Beginning in April, all SMA patients using NHS Scotland may start to receive Spinraza injections. Clearing the path for routine availability, the Scottish Medicines Consortium (SMC) granted the treatment the Ultra Orphan Drug designation.
The designation permits the therapy to be reviewed in SMA types 2 and 3, and later onset disease. The medicine, known generically as nusinersen and marketed by Biogen, has been available to type 1 patients through NHS Scotland since May 2018.
The SMC’s new process, launched last fall, means that ultra-orphan treatments may be made available in Scotland for at least three years while further efficacy data are collected.

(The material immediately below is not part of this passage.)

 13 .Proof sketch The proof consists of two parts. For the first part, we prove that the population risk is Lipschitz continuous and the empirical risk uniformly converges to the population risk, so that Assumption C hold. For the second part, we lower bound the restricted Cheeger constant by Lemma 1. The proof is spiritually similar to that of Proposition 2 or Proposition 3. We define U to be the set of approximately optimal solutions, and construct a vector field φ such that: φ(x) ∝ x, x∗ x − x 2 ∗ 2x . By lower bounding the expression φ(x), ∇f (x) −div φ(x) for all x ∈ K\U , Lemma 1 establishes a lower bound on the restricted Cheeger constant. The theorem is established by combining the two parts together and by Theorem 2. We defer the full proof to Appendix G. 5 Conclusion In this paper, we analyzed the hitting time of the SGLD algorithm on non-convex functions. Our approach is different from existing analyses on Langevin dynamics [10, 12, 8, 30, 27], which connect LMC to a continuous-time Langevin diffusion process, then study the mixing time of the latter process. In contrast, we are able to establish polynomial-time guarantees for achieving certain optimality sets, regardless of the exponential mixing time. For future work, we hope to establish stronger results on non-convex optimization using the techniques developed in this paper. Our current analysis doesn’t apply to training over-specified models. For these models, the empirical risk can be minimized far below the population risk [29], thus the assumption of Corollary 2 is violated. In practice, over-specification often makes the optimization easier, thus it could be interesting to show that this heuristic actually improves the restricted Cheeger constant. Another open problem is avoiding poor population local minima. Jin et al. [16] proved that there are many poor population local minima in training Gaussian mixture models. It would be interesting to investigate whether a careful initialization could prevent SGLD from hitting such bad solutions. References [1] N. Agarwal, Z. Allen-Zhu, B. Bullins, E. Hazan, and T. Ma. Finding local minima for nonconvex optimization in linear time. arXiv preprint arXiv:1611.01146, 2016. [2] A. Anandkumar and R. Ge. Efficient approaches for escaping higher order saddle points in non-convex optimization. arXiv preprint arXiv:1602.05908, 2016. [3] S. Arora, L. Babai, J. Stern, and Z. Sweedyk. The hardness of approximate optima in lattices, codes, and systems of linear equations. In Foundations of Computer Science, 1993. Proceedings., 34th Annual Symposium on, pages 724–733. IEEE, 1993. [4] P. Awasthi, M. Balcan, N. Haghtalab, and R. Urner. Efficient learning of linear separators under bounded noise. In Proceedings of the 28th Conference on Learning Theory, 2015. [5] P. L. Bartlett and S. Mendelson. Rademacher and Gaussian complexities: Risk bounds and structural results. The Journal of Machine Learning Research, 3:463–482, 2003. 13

“Biogen welcomes the opportunity to work with the SMC to formalise the data collection and reimbursement arrangements. Subject to successful sign off, nusinersen is expected to be routinely available across types 1, 2, and 3 from April 2019,” the company said in a statement prepared on TreatSMA’s request.
Between now and April, “Biogen will continue to work with all stakeholders in Scotland to finalise the data collection required to aid the SMC’s future assessment of the value of nusinersen,” it added.

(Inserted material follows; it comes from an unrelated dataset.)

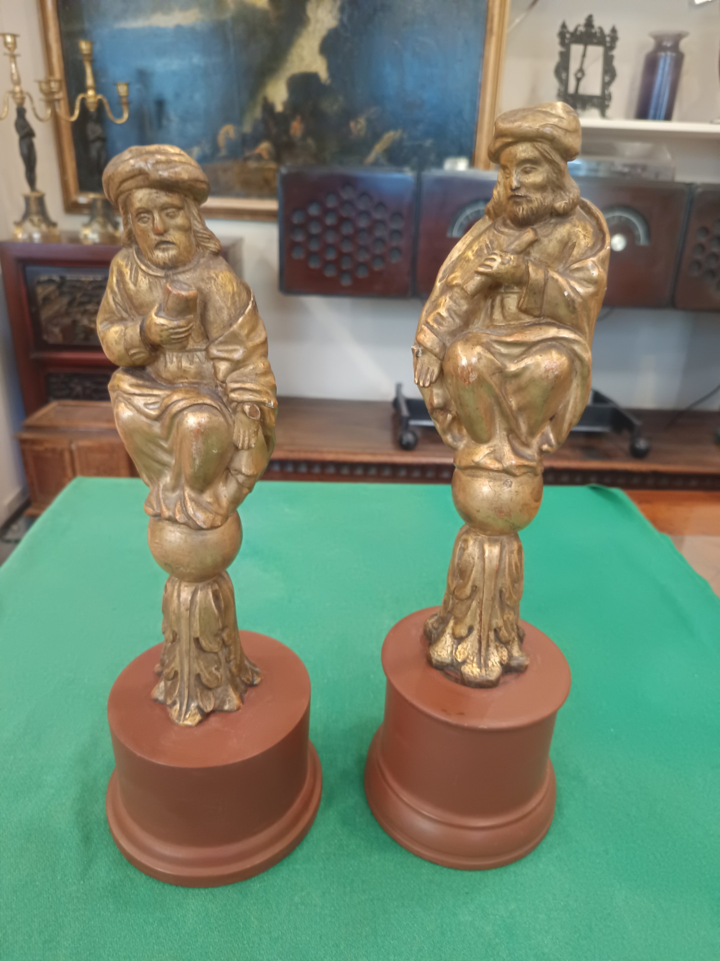 Coppia di Evangelisti in legno intagliato e dorato con base in legno. Misure: 42 cm

Nusinersen continues to be appraised elsewhere in the United Kingdom, with decisions expected this year.
“TreatSMA shares the excitement of all the Scottish families,” the group said. “We are continuing to fight for the Spinraza treatment to be available in England, Wales and Northern Ireland, the same way as it is available in Scotland and most of the developed world.”
Spinraza is the sole approved treatment for nearly all types of SMA in several countries, including the United States, across the European Union, Australia, Brazil, Japan, Switzerland, South Korea, Canada, and Chile. But regulatory approval for use does not necessarily mean coverage under a respective country’s public health system.
Affecting up to 1 in 10,000 people, SMA is caused by a mutation in the survival motor neuron gene 1 (SMN1). In a healthy person, this gene makes a protein called the survival motor neuron protein, which is critical to the function of nerves that control muscles. Without an adequate level of SMN protein, motor neurons in the spinal cord are lost, preventing muscles from receiving brain signals.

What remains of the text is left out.